Louisiana Insurance CE Requirements for Agents
Louisiana continuing education requirements for Property and Casualty (P&C) insurance producers are administered by the Louisiana Department of Insurance (LDI). Every resident P&C producer in Louisiana must complete CE to maintain their license, and the state adds a requirement that most other states do not: a mandatory 3-hour flood insurance education course every renewal cycle. This is not a one-time prerequisite — Louisiana P&C producers must complete flood education every two years as part of their 24-hour CE total. Given the state's extensive flood exposure across coastal, river basin, and low-lying parishes, this recurring requirement reflects a genuine regulatory priority. Understanding the flood mandate, the carryover rules, and the renewal timeline is essential for staying compliant with the LDI.
TLDR: Louisiana P&C producers must complete 24 hours of CE every 2 years, including 3 hours of ethics and 3 hours of flood insurance education. Licenses expire on the last day of your birth month biennially. Up to 10 hours carry over to the next cycle. CE must be complete before your renewal date — there is no grace period for incomplete CE.

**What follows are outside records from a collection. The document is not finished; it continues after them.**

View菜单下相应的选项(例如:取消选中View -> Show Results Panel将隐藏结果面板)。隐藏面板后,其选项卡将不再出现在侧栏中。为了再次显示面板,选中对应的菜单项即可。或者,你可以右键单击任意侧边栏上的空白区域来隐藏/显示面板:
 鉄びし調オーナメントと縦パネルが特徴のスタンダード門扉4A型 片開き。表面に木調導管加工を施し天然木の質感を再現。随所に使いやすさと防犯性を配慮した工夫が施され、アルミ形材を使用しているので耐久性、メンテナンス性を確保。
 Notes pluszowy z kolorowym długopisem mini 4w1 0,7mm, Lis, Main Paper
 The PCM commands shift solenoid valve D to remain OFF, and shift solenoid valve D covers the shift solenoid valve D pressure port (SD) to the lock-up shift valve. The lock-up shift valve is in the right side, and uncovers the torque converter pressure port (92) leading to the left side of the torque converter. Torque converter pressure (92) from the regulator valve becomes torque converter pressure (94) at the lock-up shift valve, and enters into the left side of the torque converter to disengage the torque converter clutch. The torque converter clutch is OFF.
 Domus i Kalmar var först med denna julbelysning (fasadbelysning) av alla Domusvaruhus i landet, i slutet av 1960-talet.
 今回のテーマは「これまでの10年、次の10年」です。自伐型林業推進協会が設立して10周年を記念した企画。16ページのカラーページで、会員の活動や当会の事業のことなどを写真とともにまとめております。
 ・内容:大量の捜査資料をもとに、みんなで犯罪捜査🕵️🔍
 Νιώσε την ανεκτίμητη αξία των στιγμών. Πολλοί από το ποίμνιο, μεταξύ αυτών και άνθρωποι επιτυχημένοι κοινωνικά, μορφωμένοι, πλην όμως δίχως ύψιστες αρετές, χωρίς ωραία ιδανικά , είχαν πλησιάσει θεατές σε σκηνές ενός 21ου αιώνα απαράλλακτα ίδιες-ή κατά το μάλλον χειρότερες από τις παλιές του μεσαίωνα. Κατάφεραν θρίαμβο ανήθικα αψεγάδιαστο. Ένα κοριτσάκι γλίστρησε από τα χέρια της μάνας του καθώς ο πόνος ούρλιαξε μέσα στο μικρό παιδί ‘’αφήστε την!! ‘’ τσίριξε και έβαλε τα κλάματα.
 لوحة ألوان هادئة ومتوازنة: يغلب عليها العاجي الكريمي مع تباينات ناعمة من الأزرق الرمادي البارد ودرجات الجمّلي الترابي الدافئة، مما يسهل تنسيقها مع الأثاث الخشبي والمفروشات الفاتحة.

| Requirement | Louisiana |
|---|---|
| Total CE Hours | undefined hours |
| Ethics Hours Required | undefined hours |
| Renewal Cycle | 2 years |
| Renewal Deadline | Last day of birth month, every 2 years |
| State DOI Website | Louisiana Department of Insurance |
Who Needs CE in Louisiana
All Louisiana-resident licensed insurance producers holding a Property and Casualty, Property, Casualty, or Personal Lines line of authority must complete 24 hours of CE every two-year licensing period. This applies to independent agents, captive agents, managing general agents, and anyone actively writing P&C business in the state. The requirement also applies to independent adjusters — they must complete the same 24-hour biennial total with 3 hours of ethics.
CE is not required for a producer's first licensing period. The obligation begins with the second renewal and every renewal after that. This gives newly licensed producers a window to establish their practice before CE kicks in — but many new agents are surprised when their second renewal requires proof of 24 hours they did not realize were accumulating.
Louisiana offers limited exemptions. Producers who are 65 years of age or older and have been continuously licensed for at least 20 years may apply for a CE waiver through the LDI exemption process. Military personnel on active duty may also request deferrals. Contact the LDI for specific eligibility requirements.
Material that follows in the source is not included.